Photolysis-induced suppression of inhibition in rat hippocampal CA1 pyramidal neurons


Corresponding author R. S. Zucker: Molecular and Cell Biology Department, 111 Life Sciences Addition, University of California, Berkeley, CA 94720-3200, USA. Email:


  • 1Whole cell patch clamp recording, Ca2+ measurement with ratiometric fluorescent dyes and photolysis of caged Ca2+ were combined to investigate the depolarization- and photolysis-induced suppression of inhibition (DSI and PSI) in rat hippocampal CA1 pyramidal cells.
  • 2A 5-s depolarization from −70 mV to 0 mV or a 6-s photolysis of nitrophenyl-EGTA (NPE) in cell bodies could each depress the frequency of spontaneous inhibitory postsynaptic currents (IPSCs) and the amplitude of evoked IPSCs while elevating intracellular Ca2+ concentration ([Ca2+]i).
  • 3Within a cell the elevation of [Ca2+]i induced by depolarization was inversely related to that induced by photolysis, suggesting that higher [NPE] is more effective in releasing caged Ca2+ but also increases buffer capacity to reduce [Ca2+]i rises caused by Ca2+ influx through voltage-dependent Ca2+ channels.
  • 4Both DSI and PSI were linearly related to [Ca2+]i, with a 50 % reduction in transmission occurring at about 3.6-3.9 μM.
  • 5[Ca2+]i recovered more quickly than DSI, indicating that the duration of DSI is not set simply by the duration of [Ca2+]i elevation, but rather entails other rate-limiting processes.
  • 6We conclude that DSI is activated by micromolar [Ca2+]i acting far from sites of Ca2+ entry through channels in the plasma membrane.

In hippocampal CA1 pyramidal cells and in cerebellar Purkinje cells, transient depolarization by brief trains of action potentials or voltage pulses suppresses inhibitory inputs to the depolarized cell. This phenomenon, known as depolarization-induced suppression of inhibition (DSI), depends upon Ca2+ influx through voltage-activated Ca2+ channels (Lenz et al. 1998) and appears to involve the production of a retrograde messenger in the postsynaptic neuron. The messenger, thought to be either glutamate (Glitsch et al. 1996; Morishita & Alger, 1999) or a cannabinoid (Wilson & Nicoll, 2001), then migrates to inhibitory presynaptic terminals to reduce both spontaneous and evoked GABA release to the depolarized cell (Pitler & Alger, 1992).
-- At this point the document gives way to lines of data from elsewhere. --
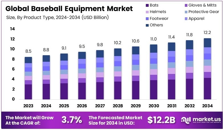 - The Baseball Equipment Market was valued at USD 8.5 Billion in 2024, and is expected to reach USD 12.2 Billion by 2034, with a CAGR of 3.7%.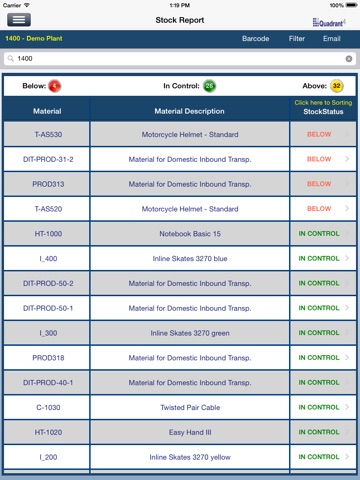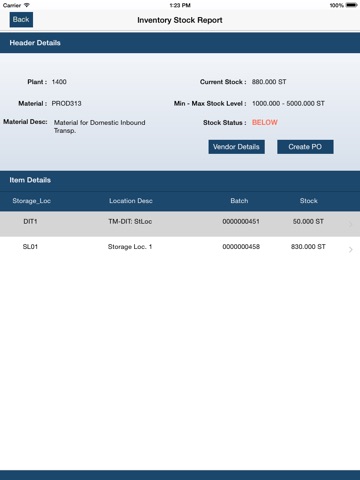 This Mobile App will support the process owners to view the online inventory stock with details at plant, material, storage location and batch wise with stock status as “Above”, “In-Control”, “Below” by comparing with Min & Max stock level maintained in the material master of ERP system (SAP). The App also has feature to scan QR code/Bar code to fetch input data for online Inventory Stock and also provision to create Purchase Order for selective vendor and also has the facility to send mail/Call to Vendor.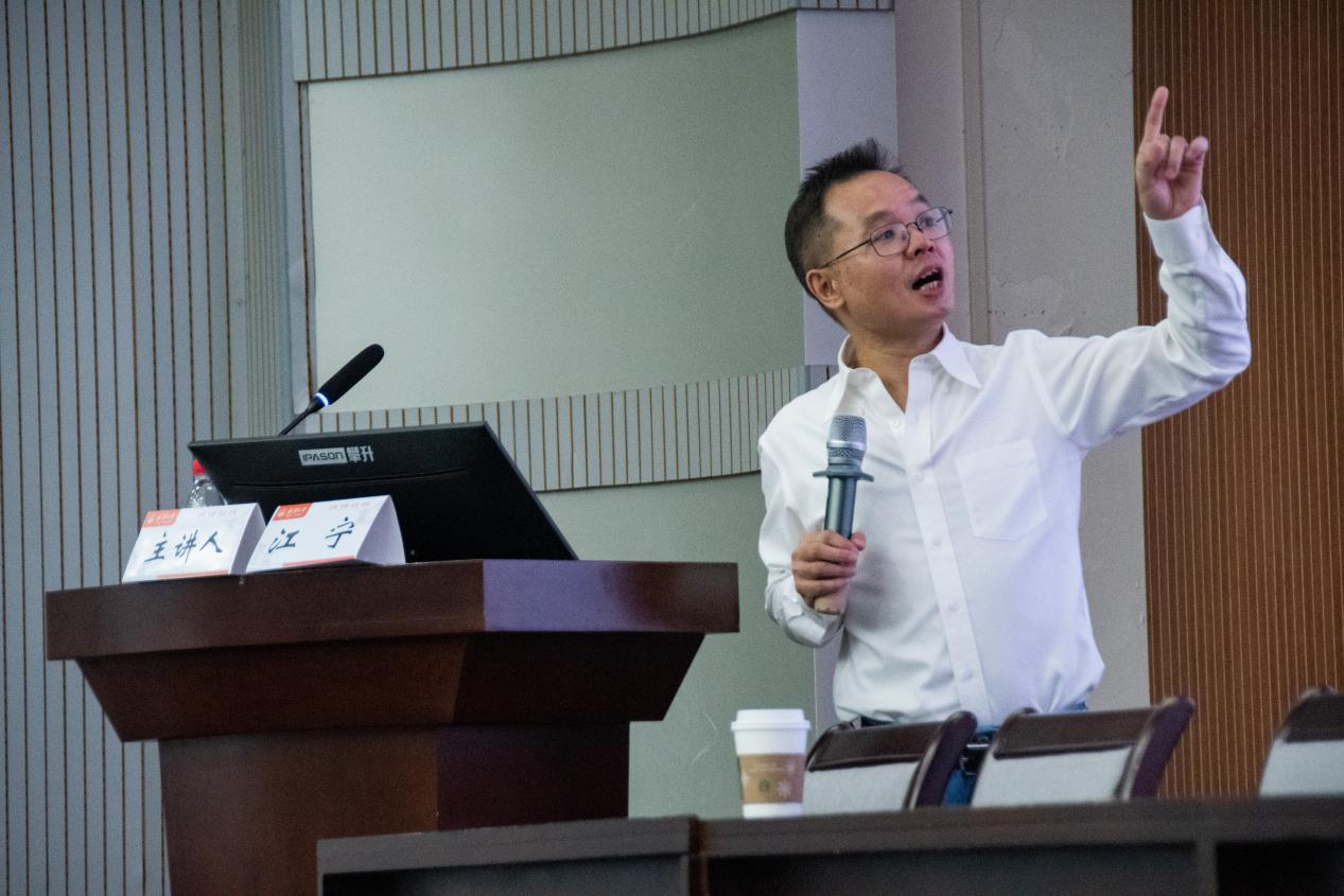 江宁教授以《大数学家的小故事——浓缩百年数学风云》为题展开讲座。他以时间为线,讲述了欧拉等诸多国内外数学界传奇人物的小故事及其背景。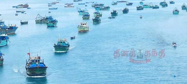 கேரளாவில் இருந்து நாகப்பட்டினம் செல்வதற்காக வந்து பாம்பன் தென்கடல் பகுதியில் நிறுத்தி வைக்கப்பட்டிருந்த 20 ஆழ்கடல் மீன்பிடி படகுகள் ஒன்றன் பின் ஒன்றாக வரிசையாக அணிவகுத்தபடி தூக்குப்பாலத்தை மெதுவாக கடந்து நாகப்பட்டினம் நோக்கி சென்றன. தற்போது தமிழகம் முழுவதும் மீன்கள் இனப்பெருக்க கால சீசன் நடைபெற்று வருவதை தொடர்ந்து வருகின்ற ஜூன் 14-ந் தேதி வரையிலும் மீன்பிடிக்க தடை விதிக்கப்பட்டுள்ளதால் இந்த ஆழ்கடல் மீன்பிடி படகுகள் அனைத்தும் சொந்த ஊரான நாகப்பட்டினத்திற்கு செல்கின்றன என்பது குறிப்பிடத்தக்கது.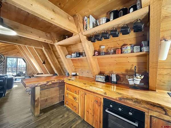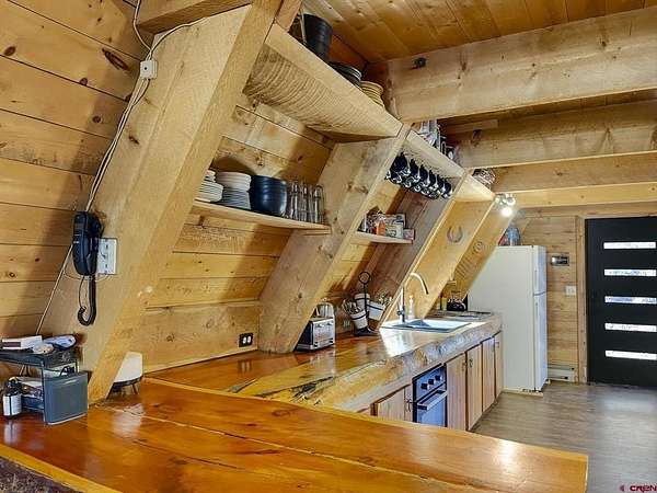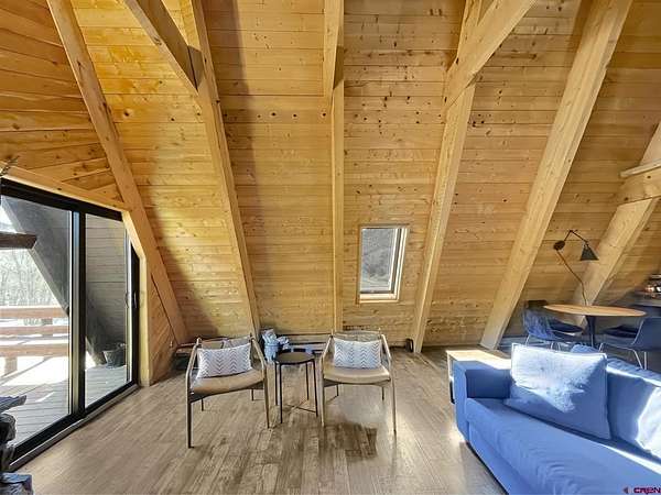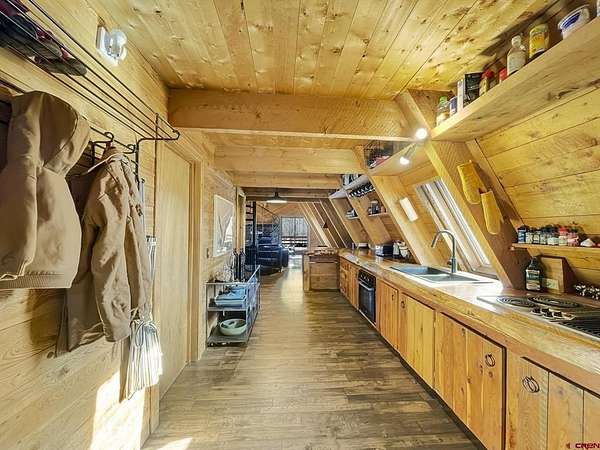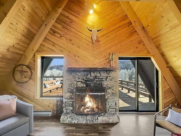 Liz Heidrick, Needlerock Mountain Realty and Land, LLC, 970-234-5344, liz.needlerock@gmail.com, http://www.needlerockrealty.com/: Crystal Creek runs through this fabulous property with a year-round home or RECREATION RETREAT on 8.6 acres! Enjoy ice skating on the creek, all winter, snowshoeing, snowmobiling, hunting, fishing and long summer nights by the outdoor fire pit. National Forest Access Nearby. Home easily SLEEPS 10+ PEOPLE. This 3 BR 2 BA solid A Frame Cabin has a spiral stair case that goes from the finished walkout basement, through the lovely main floor and up to the loft. Main floor has a kitchen, master bedroom, remodeled bathroom with gorgeous Claw Foot soaker Tub, dining area and spacious living room area with wood burning custom rock fireplace. Finished basement has a large den with 2 sets of bunk beds, game room area, bathroom, laundry room, storage room, vault, and one car attached garage. The spacious loft has 2 twin beds plus a private bedroom with a king sized bed. NEW DOORS, WINDOWS, OPENING SKYLIGHTS, flooring, carpet, and oven make this a home ready for winter. Brand NEW BACK DECK with built-in seating overlooks CRYSTAL CREEK , which meanders through the the beautiful meadow below. AN ENCLOSED FRONT PORCH with tons of storage/mudroom. Views of the Black Canyon from the deck are awesome! The original barn and shed grace the meadow and are perfect for livestock. A charming chicken coop is set up and ready to go. Property is completely fenced in with a metal gate at the entrance. This property is right near the North Rim of the Black Canyon and the Crystal Creek entrance to the Black Mesa Gunnison National Forest entrance. NO COVENANTS OR DEED RESTRICTIONS OF ANY KIND!

Ca2+ is necessary for the induction of DSI since DSI can be reduced or blocked by the introduction of EGTA or BAPTA into pyramidal cells (Lenz & Alger, 1999). It has not yet been shown, however, that a postsynaptic rise in [Ca2+]i alone is sufficient to induce DSI. Nor has it been determined how high a [Ca2+]i elevation is necessary to induce DSI. Recently, the [Ca2+]i change accompanying DSI in cerebellar Purkinje cells has been reported to be in the submicromolar range (Glitsch et al. 2000). However, the [Ca2+]i increase induced by depolarization is not spatially homogeneous and the measurement reflects a volume-averaged Ca2+ elevation. It is not yet clear whether Ca2+ acts in a relatively local region of the postsynaptic cell at higher concentrations to activate DSI, or whether DSI is really sensitive to the more modest [Ca2+]i changes measured globally.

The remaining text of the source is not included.